What the exercise asks: Your copy of the data should match it exactly, leaving out only the pictures.

Records for this task:
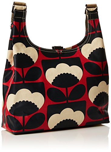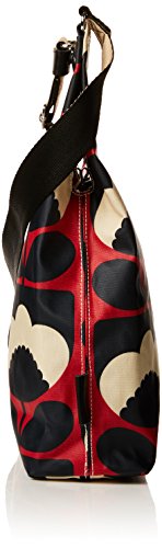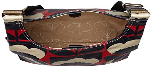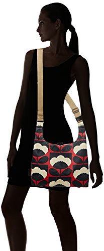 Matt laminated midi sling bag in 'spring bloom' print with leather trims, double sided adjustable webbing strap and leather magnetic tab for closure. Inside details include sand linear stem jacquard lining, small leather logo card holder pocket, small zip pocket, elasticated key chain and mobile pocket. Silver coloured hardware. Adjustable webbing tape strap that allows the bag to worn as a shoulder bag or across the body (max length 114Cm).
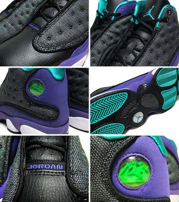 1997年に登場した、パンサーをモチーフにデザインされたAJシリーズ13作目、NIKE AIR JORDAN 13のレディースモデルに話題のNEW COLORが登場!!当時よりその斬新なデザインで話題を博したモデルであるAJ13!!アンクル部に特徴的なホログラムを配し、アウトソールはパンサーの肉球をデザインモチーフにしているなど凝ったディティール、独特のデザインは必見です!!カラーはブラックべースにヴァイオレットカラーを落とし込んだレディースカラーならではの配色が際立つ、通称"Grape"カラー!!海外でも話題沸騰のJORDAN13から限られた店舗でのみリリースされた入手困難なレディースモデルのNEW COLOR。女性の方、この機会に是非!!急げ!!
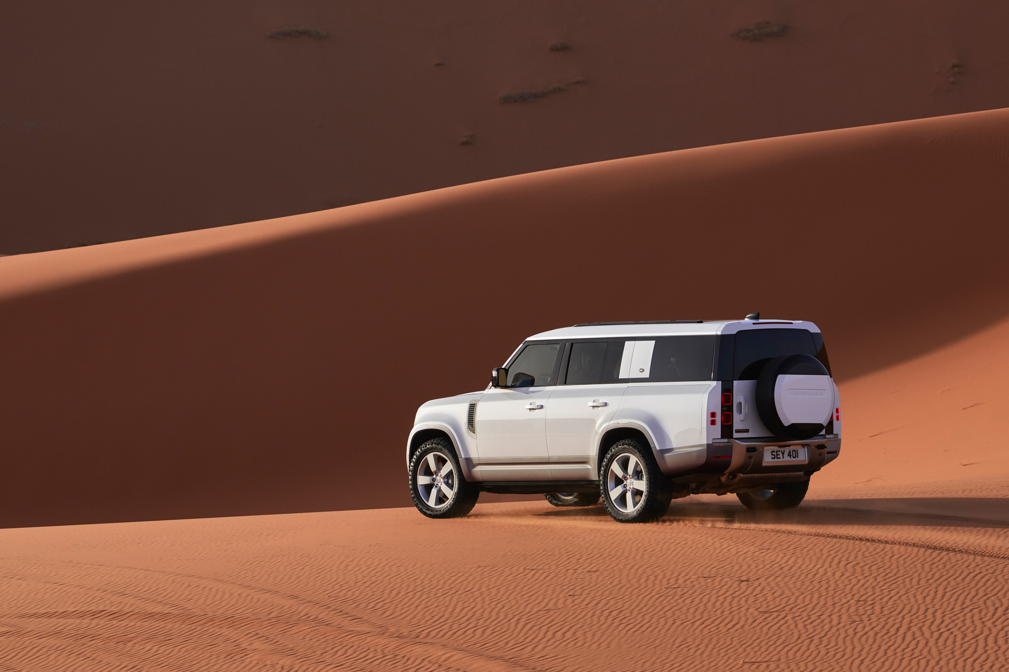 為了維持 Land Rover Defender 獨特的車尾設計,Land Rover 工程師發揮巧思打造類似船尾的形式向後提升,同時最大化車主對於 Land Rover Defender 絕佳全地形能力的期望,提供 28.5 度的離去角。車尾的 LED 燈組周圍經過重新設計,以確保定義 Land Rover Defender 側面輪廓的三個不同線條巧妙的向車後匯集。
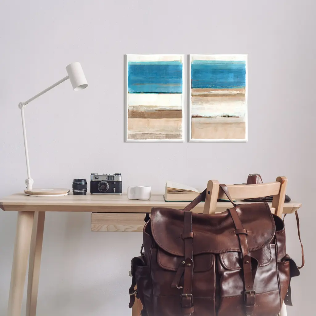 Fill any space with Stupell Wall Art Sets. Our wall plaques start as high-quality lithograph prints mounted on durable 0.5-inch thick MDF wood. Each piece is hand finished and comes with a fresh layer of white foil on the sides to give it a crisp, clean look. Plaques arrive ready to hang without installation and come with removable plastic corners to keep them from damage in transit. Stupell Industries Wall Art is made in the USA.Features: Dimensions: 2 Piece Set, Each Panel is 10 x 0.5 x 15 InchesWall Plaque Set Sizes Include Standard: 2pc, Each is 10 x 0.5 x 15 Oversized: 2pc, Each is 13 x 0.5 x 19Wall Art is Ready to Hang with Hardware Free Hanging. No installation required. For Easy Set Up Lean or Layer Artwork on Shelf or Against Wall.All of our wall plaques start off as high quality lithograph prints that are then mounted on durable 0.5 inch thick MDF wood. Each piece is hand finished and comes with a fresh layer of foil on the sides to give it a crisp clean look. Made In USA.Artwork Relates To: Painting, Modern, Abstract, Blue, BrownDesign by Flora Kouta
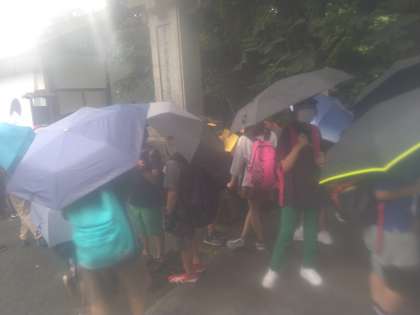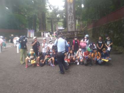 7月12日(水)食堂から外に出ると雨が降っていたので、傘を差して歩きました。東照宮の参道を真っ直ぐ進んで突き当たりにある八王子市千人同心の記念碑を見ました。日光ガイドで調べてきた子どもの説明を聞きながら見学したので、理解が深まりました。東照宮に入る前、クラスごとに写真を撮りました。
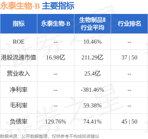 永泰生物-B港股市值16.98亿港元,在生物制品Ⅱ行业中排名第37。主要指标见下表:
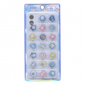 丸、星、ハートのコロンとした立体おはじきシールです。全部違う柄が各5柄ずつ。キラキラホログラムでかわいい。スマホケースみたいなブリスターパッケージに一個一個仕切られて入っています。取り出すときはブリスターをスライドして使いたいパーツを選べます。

Exercise output:
 Matt laminated midi sling bag in 'spring bloom' print with leather trims, double sided adjustable webbing strap and leather magnetic tab for closure. Inside details include sand linear stem jacquard lining, small leather logo card holder pocket, small zip pocket, elasticated key chain and mobile pocket. Silver coloured hardware. Adjustable webbing tape strap that allows the bag to worn as a shoulder bag or across the body (max length 114Cm).
 1997年に登場した、パンサーをモチーフにデザインされたAJシリーズ13作目、NIKE AIR JORDAN 13のレディースモデルに話題のNEW COLORが登場!!当時よりその斬新なデザインで話題を博したモデルであるAJ13!!アンクル部に特徴的なホログラムを配し、アウトソールはパンサーの肉球をデザインモチーフにしているなど凝ったディティール、独特のデザインは必見です!!カラーはブラックべースにヴァイオレットカラーを落とし込んだレディースカラーならではの配色が際立つ、通称"Grape"カラー!!海外でも話題沸騰のJORDAN13から限られた店舗でのみリリースされた入手困難なレディースモデルのNEW COLOR。女性の方、この機会に是非!!急げ!!
 為了維持 Land Rover Defender 獨特的車尾設計,Land Rover 工程師發揮巧思打造類似船尾的形式向後提升,同時最大化車主對於 Land Rover Defender 絕佳全地形能力的期望,提供 28.5 度的離去角。車尾的 LED 燈組周圍經過重新設計,以確保定義 Land Rover Defender 側面輪廓的三個不同線條巧妙的向車後匯集。
 Fill any space with Stupell Wall Art Sets. Our wall plaques start as high-quality lithograph prints mounted on durable 0.5-inch thick MDF wood. Each piece is hand finished and comes with a fresh layer of white foil on the sides to give it a crisp, clean look. Plaques arrive ready to hang without installation and come with removable plastic corners to keep them from damage in transit. Stupell Industries Wall Art is made in the USA.Features: Dimensions: 2 Piece Set, Each Panel is 10 x 0.5 x 15 InchesWall Plaque Set Sizes Include Standard: 2pc, Each is 10 x 0.5 x 15 Oversized: 2pc, Each is 13 x 0.5 x 19Wall Art is Ready to Hang with Hardware Free Hanging. No installation required. For Easy Set Up Lean or Layer Artwork on Shelf or Against Wall.All of our wall plaques start off as high quality lithograph prints that are then mounted on durable 0.5 inch thick MDF wood. Each piece is hand finished and comes with a fresh layer of foil on the sides to give it a crisp clean look. Made In USA.Artwork Relates To: Painting, Modern, Abstract, Blue, BrownDesign by Flora Kouta
 7月12日(水)食堂から外に出ると雨が降っていたので、傘を差して歩きました。東照宮の参道を真っ直ぐ進んで突き当たりにある八王子市千人同心の記念碑を見ました。日光ガイドで調べてきた子どもの説明を聞きながら見学したので、理解が深まりました。東照宮に入る前、クラスごとに写真を撮りました。
 永泰生物-B港股市值16.98亿港元,在生物制品Ⅱ行业中排名第37。主要指标见下表:
 丸、星、ハートのコロンとした立体おはじきシールです。全部違う柄が各5柄ずつ。キラキラホログラムでかわいい。スマホケースみたいなブリスターパッケージに一個一個仕切られて入っています。取り出すときはブリスターをスライドして使いたいパーツを選べます。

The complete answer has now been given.